Fire at Catamount golf course to delay opening of practice facility; fire marshal determines cause of blaze |

Fire at Catamount golf course to delay opening of practice facility; fire marshal determines cause of blaze

Steamboat Springs Fire Rescue firefighters cut into the side of a golf cart barn at the Catamount Ranch & Club, where flames erupted and caused damage to the structure as well as several golf carts May 10. The spontaneous combustion of rags soaked with stain caused the fire, according to Steamboat Fire Marshal Doug Shaffer.

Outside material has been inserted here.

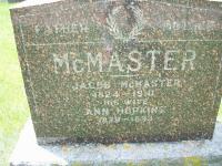 Note: This is north of the old canal reserve on Dead Creek, with the English Settlement road running through it.8 He appeared on the census of April 1861 at Murray Twp., Northumberland Co., Canada West; Age 37 at 1861 Census: McMasters, Jacob, 37, b. UC, WM, farmer, married; Ann, 32, b. Ireland, WM, married; Abel Wellington, 10, b. UC; Elizabeth Jane, 8; Sarah Margaret, 6; Lyman Worden, 3; Jacob Henry, 1 (1861 Census: Murray Twp., pg. 883 of 899, line 27 - ancestry.com.)2 He appeared on the census of April 1871 at Murray Twp., Northumberland East Co., Ontario; Age 47 at 1871 Census: McMasters, Jacob, 47, b. Ont., Irish, WM, farmer, married; Ann, 42, b. Ont., Irish, WM, married; Able, 18, b. Ont., Irish, WM, farmer, single; Elizabeth J., 17; Sarah M., 15; Lyman W., 12; Jacob H., 10; Mary F., 7; Hannah A., 5 (1871 Census: Murray Twp., Northumberland East Co., dist. 55, sub-dist. e-1, pg. 4, line 18 - ancestry.ca.)3 He died on 20 May 1910 at Northumberland Co., Ontario; Date 1910 per Memorial & CemSearch. Date May 20 1910 & location Northumberland Co. per family tree of Ronald Welsch on ancestry.ca, Nov 22 2020.7,5,4 He was buried on 22 May 1910 at Greenwood Cemetery, Murray Twp., Smithfield, Northumberland Co., Ontario; Memorial: (See Exhibit) McMaster; Father - Mother; Jacob McMaster; 1824-1910; His Wife; Ann Hopkins; 1829-1893 (Greenwood Cemetery, Smithfield, June 30 2013, by Dan)

Damages will likely postpone the opening of the golf course’s practice facility.
Courtesy photo/Steamboat Springs Fire Rescue

STEAMBOAT SPRINGS — A fire inside a golf cart barn at the Catamount Ranch & Club last Friday will likely postpone the opening of the golf course’s practice facility, which was scheduled to open May 24 along with the rest of the course.

Doug Shaffer, a fire marshal with Steamboat Springs Fire Rescue, concluded improper storage of stain-soaked rags sparked the fire, which caused significant damage to the fleet of golf carts as well as to all of the practice facility equipment.

Firefighters were called to a report of a structure fire at the Catamount golf course just after 1 a.m. May 10. They found flames inside a corner of the golf cart barn, which had spread to wood trusses in the attic.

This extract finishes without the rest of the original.